WALK From Box To Box

We're not alone here wrestling with how to combine big-box retailers like Target and Lowe's with creating a more walkable community with a sense of place.

In Lawrence, Kansas, planners from the Smart Growth Leadership Institute suggested that future development in the city's two commercial corridors "should include plazas, pocket parks and a lot of sidewalks," the Lawrence Journal-World reports. "'Big box' stores like SuperTarget, 3201 S. Iowa, should 'integrate pedestrian walkways with surrounding development to provide a sense of safety and comfort for pedestrians,' the experts said in their report, now available on the Lawrence-Douglas County Planning Department's Web site, www.lawrenceplanning.org.

Sound familiar? As I posted earlier, the Framingham Planning Department is now considering a request from Lowe's to build a store on Rte. 30 at the Verizon site. Developers want it on the back of the property, like surrounding pedestrian-hostile retailers that create an unsightly, suburban sprawl district around Target, BJ's and Super Stop & Shop.

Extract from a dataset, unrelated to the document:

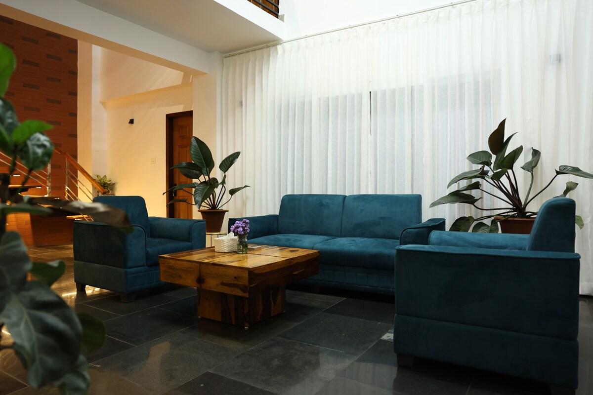 En sjarmerende ferie, omringet av frodige tehager og himalayanske åser. Ingen støy forventes etter kl. 20.00. Vi tilbyr dette utsøkte stedet for å gi gjestene våre den beste komforten og fritiden, eller til og med hvis man ønsker å føle seg som å jobbe hjemmefra. Vi har to store senger på et romslig soverom med soveromslås og tilhørende bad, separat kjøkken og 360° utsikt over kanyam/fikkal/shree antu fra terrassen med grilloppsett, bål, sykling, fiske og skogcamping i nærheten av fiskedammen i nærheten.

Planning Board vice chair Ann Welles wants the new store to be closer to the street, creating a better streetscape, and I fervently agree -- as well as including designs that make the area pedestrian friendly, not simply creating sidewalks no one wants to use.

"[Lawrence] Planning Commissioner Bonnie Johnson, a member of the commission's design guidelines subcommittee, praised the pedestrian-friendliness of the recommendations," says the Journal-World article. " 'I think it's creating, in all parts of the city, different options for how to get somewhere,' Johnson said last week. 'So that if you do park and you're visiting Target, it would be fine to leave your car there and walk to JC Penney's, instead of getting in your car ... like you have to do today' ."

Hopefully, Framingham's Planning Board will come to the same conclusion.